The plane has a crew of one pilot. The night fighter versions add a second crewman to operate the radar at the expense of some fuel tankage. The plane uses 155 gallons of aviation fuel per hour at routine usage. A full load of fuel and ammo (not including bombs) costs $428.


Grumman F7F-1 Tigercat

Subassemblies: Light Fighter-Bomber chassis with good streamlining +3; Medium Fighter-Bomber wings +3; two Small AFV Pods [Wings] +2; 3 retractable wheels +1.

Powertrain: Two 1,545-kW aerial Supercharged HP gas engines with two 1,545-kW props and 840-gallon self-sealing tanks [Body and Wings]; 8,000-kW batteries.

Occ.: 1 CS

Cargo: 0 Body, 0 Wings


Armor F RL B T U

Body: 3/6 3/6 3/6 3/6 3/6

Wings: 3/6 3/6 3/6 3/6 3/6

Wheels: 2/3 2/3 2/3 2/3 2/3

Cockpits: 0/+10 0/+10 0/+20 0/+0 0/+10



4xLong Aircraft HMGs/12.7mm Browning M3 HMGs [Body:F] (300 rounds each).*

4xMedium Aircraft ACs/20mm Hispano M2 ACs [Wings:F] (300 rounds each).*

*Each pair linked, additional links fire four or all at once.
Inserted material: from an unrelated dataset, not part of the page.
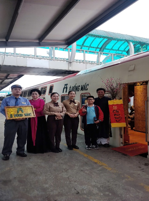 Khi tôi đến cửa toa để chuẩn bị lên tàu, các cô chú nhân viên mặc những bộ áo dài truyền thống và bộ áo tứ thân đã có màn chào đón mẹ và tôi rất lịch sự. Tôi thực sự có ấn tượng rất tốt với màn chào khách này.
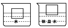 有两个完全相同的正方体木块,分别漂浮在水和浓盐水中,液面位置如图所示。请根据木块在水中的情形,画出另一木块在浓盐水中静止时的大致位置图。

2x1,000-lb bombs or 6-8 5-inch HVAR rockets or 1 Mk 13-2 21-inch torpedo



Body: Medium radio and transmitter and receiver, IFF. Wings: 1,000-lb. hardpoint each.



Size: 51.5'x45.4'x16.6' Payload: 3.85 tons Lwt.: 11.8 tons

Volume: 280 Maint.: 32 hours Cost: $39,813

HT: 6. HPs: 165 Body, 330 each Wing, 150 each Pod, 10 each Wheel

aSpeed: 427 aAccel: 6 aDecel: 8 aMR: 2 aSR: 2

Stall Speed 114.

gSpeed: 406 gAccel: 20 gDecel: 10 gMR: 0.75 gSR: 3

Ground Pressure Moderate. 1/4 Off-Road Speed.


Design Notes:

The historical wing area was 455 sf. Sources were unclear whether all planes featured folding wings (since Grumman was constantly redesigning the craft for carrier use approval). I assumed that the arrestor hooks and folding wings were stripped from the F7F-1 aircraft sent to the USMC to save the additional weight (280 lbs.). Fuel tankage was not available; the figure was calculated from range and cruising speed values.



The F7F-1 was the first production model to be used by the USMC. 33 craft were built beginning in April 1944, but never saw action in WWII.

The F7F-2N was a nightfighter version. It removed the rear fuselage fuel tank to provide room for a second crewman (the radar operator), and removed the nose armament (HMGs) for installation of the radar equipment. 65 were built before the contract was cancelled on VJ-Day.

The F3F-3N was a nightfighter with a slightly elongated nose to house improved radar equipment. It had 1,566-kW powerplants. 60 were built.

The F7F-4N was an improved version of the -3N, redesigned with additional strength and stability for carrier-borne operation. It had 1,600-kW powerplants. This was the first version of the plane the Navy accepted for carrier use. 13 were built.

The F7F-3E was a modified F7F-3 for use in electronic warfare.

The F7F-3P was a modified F7F-3 for use in photo-reconnaissance roles.

Interestingly, the plane was originally going to be called the "Tomcat," but the moniker was abandoned as being "too suggestive."